Arthritis is a condition that many people experience in their older age. Cats can also get arthritis. Though arthritis more often manifests itself in humans and dogs, it can be a feline condition as well. Arthritis cannot be prevented, but with early detection, it can be alleviated by your help and the help of a veterinarian.

What exactly is arthritis? Arthritis is a condition where acute or chronic inflammation of a joint, often accompanied by pain, swelling, and stiffness occurs. This condition can result from an infection, trauma, degenerative changes, or other various causes. It occurs in an assortment of forms, such as bacterial arthritis, osteoarthritis, or rheumatoid arthritis, just to name a few.

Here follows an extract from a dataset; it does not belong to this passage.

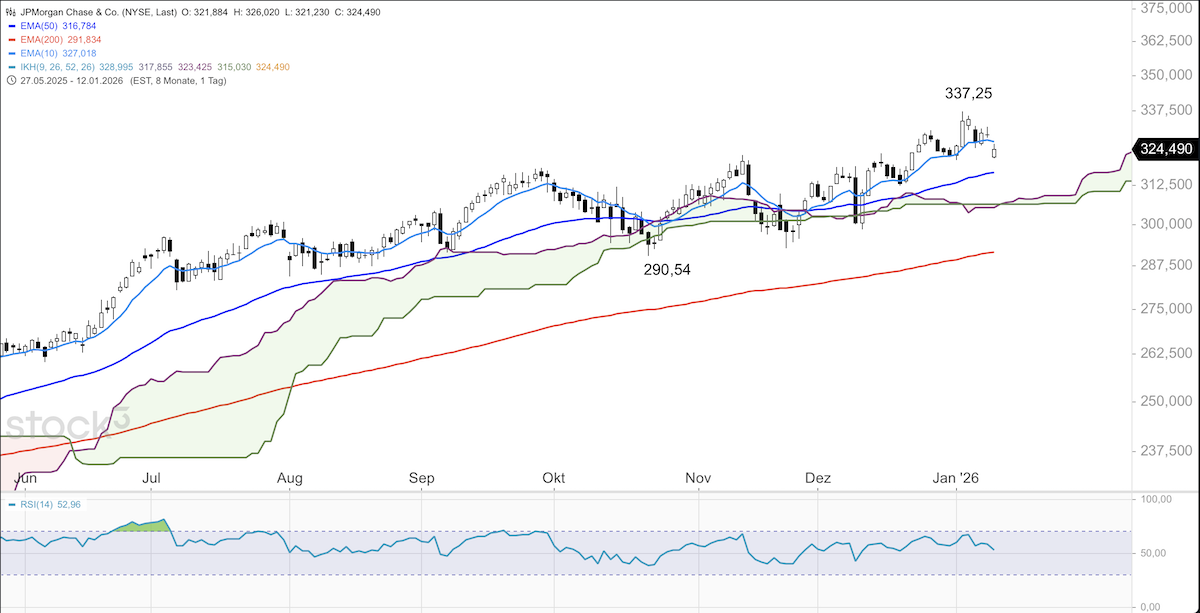 Die Zahlen zum abgelaufenen Quartal fielen gemischt aus. Der Gewinn je Aktie (EPS) lag bei 5,23 Dollar und übertraf die Erwartung der Analysten von 5,05 Dollar, während der Umsatz von 45,80 Milliarden Dollar die Prognose von 46,70 Milliarden Dollar leicht verfehlte. Der faire Wert für die JPMorgan-Papiere liegt aktuell bei etwa 355,66 Dollar, was ein weiteres Aufwärtspotenzial von etwa 7% bedeutet. Das durchschnittliche Analystenkursziel liegt aktuell bei 343,95 Dollar, das aktuelle KGV bei 16,07 was etwas über dem Branchenwert von 14,60 liegt. Charttechnisch befinden sich die JPMorgan-Papiere klar über der Ichimoku-Wolke im Tageschart, was auf langfristig eher weiter steigende Kurse bei den Titeln hindeutet. Der aktuelle Rücksetzer könnte allerdings noch etwas weiterlaufen und den 50er-EMA im Tageschart anlaufen, der derzeit bei 316,78 Dollar notiert. Der 50er-EMA gilt oft als Anlaufmarke von tieferen Korrekturen im übergeordneten Aufwärtstrend. Weitere fundamentale Chancen könnten sich für das Unternehmen durch den Apple Card-Deal ergeben. JPMorgan übernimmt das Apple Card-Programm von Goldman Sachs, inklusive rund 20 Milliarden Dollar Kreditvolumen. Zudem könnte JPMorgan von der Lockerung der US-Sanktionen gegen Venezuela profitieren und bei der Finanzierung des venezolanischen Ölsektors eine Schlüsselrolle einnehmen.

Traumatic arthritis is basically a name for a sprained joint. This occurs when a cat has landed on its feet in an awkward position, they have been accidentally stepped on causing a sprained joint, or possibly have been hit by a moving object. This causes discomfort and inflammation of a joint (or many joints), and must be looked at properly by a physician.

Osteoarthritis is more common in cats that traumatic arthritis. This is the vein of arthritis that is most common in humans. Osteoarthritis may be defined as a condition that affects people (or in this case, felines) in their older age. It is the result of slow wear and tear on joints throughout the years that manifests itself in the elderly. The destruction of the thin layers of cartilage surrounding the joint occurs, thus causing pain and discomfort each time the joint is moved. In cats, the osteoarthritis is most often seen in their shoulders and elbows, though it can occur in their hip and ankle regions as well.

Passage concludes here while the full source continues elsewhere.